§ **Work order**:
Your task is to copy the listing exactly, with the pictures left out.

§ **Extracted records**:
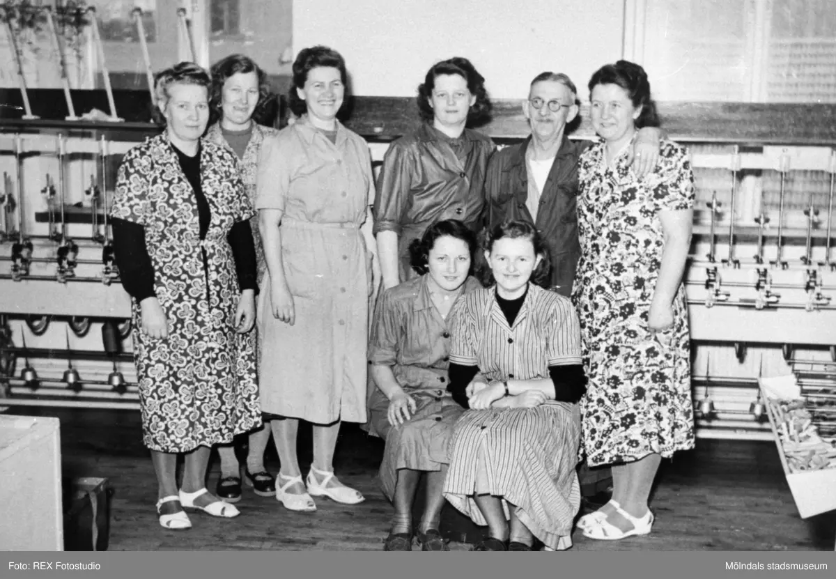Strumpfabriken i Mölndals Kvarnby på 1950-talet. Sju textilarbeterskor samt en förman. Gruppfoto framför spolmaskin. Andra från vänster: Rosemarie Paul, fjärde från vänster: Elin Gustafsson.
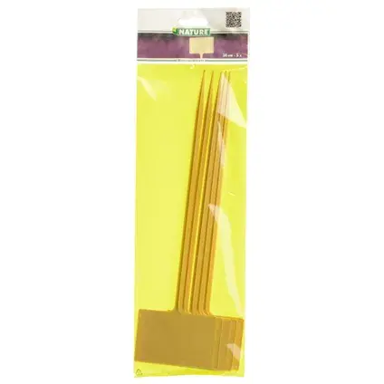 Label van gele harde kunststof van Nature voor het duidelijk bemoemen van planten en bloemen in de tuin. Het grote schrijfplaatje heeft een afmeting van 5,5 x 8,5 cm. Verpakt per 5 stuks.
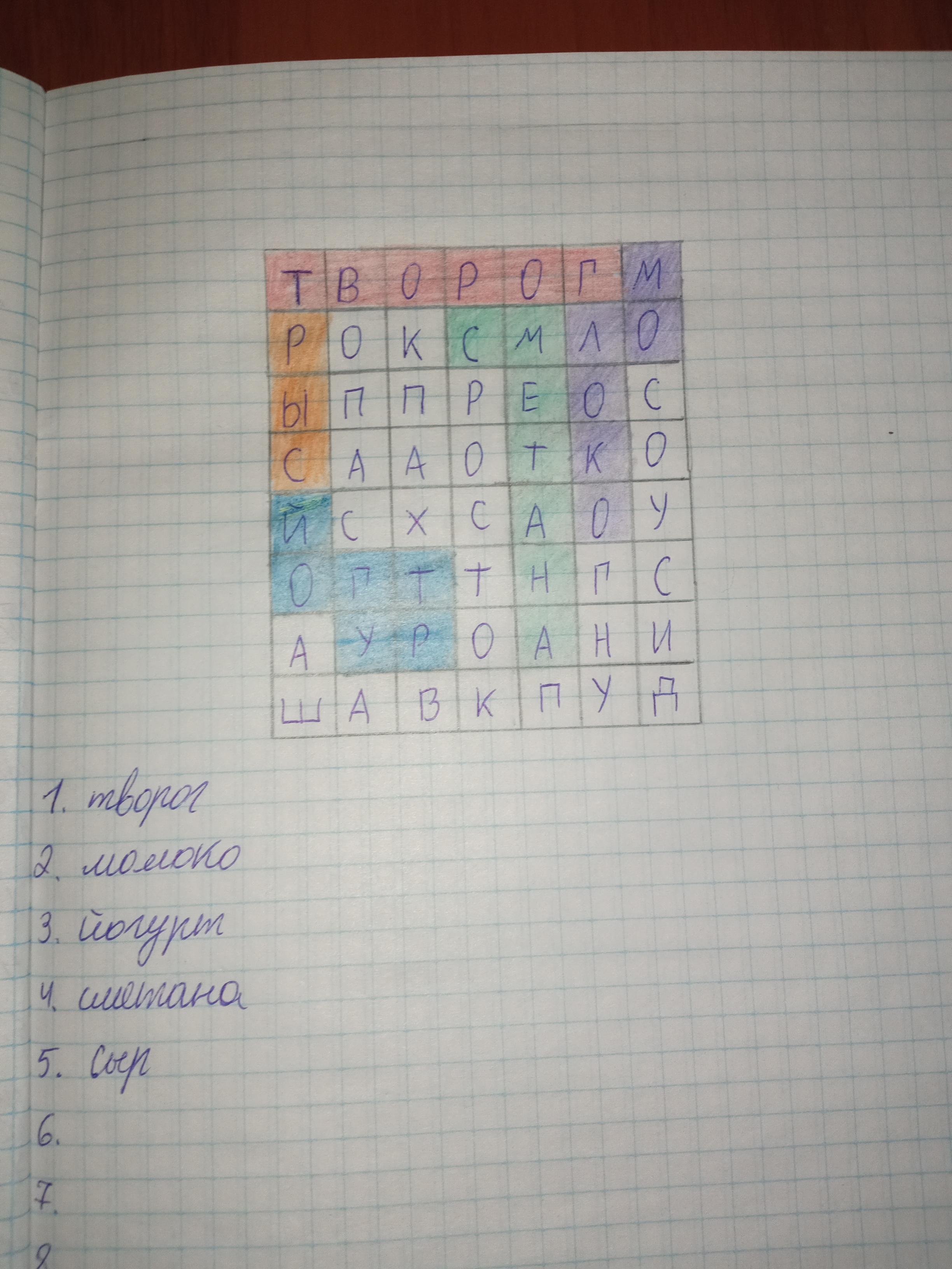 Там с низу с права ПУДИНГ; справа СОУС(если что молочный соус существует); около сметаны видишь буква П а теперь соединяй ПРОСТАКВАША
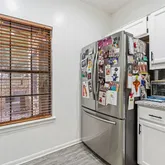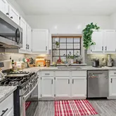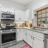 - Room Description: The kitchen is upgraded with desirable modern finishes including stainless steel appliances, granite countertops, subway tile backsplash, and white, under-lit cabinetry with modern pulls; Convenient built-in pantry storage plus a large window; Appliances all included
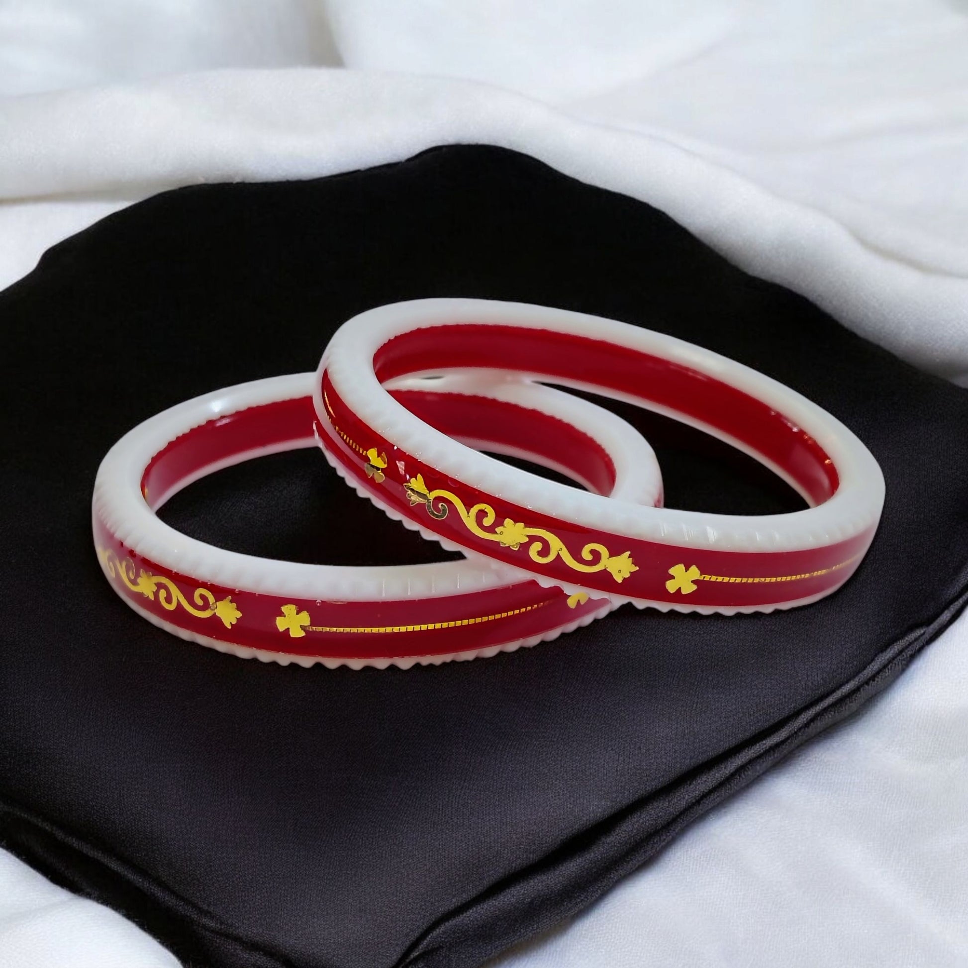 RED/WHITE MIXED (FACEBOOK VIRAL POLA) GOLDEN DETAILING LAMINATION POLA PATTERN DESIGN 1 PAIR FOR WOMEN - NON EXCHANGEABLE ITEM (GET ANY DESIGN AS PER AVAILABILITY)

§ **Response**:
Strumpfabriken i Mölndals Kvarnby på 1950-talet. Sju textilarbeterskor samt en förman. Gruppfoto framför spolmaskin. Andra från vänster: Rosemarie Paul, fjärde från vänster: Elin Gustafsson.
 Label van gele harde kunststof van Nature voor het duidelijk bemoemen van planten en bloemen in de tuin. Het grote schrijfplaatje heeft een afmeting van 5,5 x 8,5 cm. Verpakt per 5 stuks.
 Там с низу с права ПУДИНГ; справа СОУС(если что молочный соус существует); около сметаны видишь буква П а теперь соединяй ПРОСТАКВАША
 - Room Description: The kitchen is upgraded with desirable modern finishes including stainless steel appliances, granite countertops, subway tile backsplash, and white, under-lit cabinetry with modern pulls; Convenient built-in pantry storage plus a large window; Appliances all included
 RED/WHITE MIXED (FACEBOOK VIRAL POLA) GOLDEN DETAILING LAMINATION POLA PATTERN DESIGN 1 PAIR FOR WOMEN - NON EXCHANGEABLE ITEM (GET ANY DESIGN AS PER AVAILABILITY)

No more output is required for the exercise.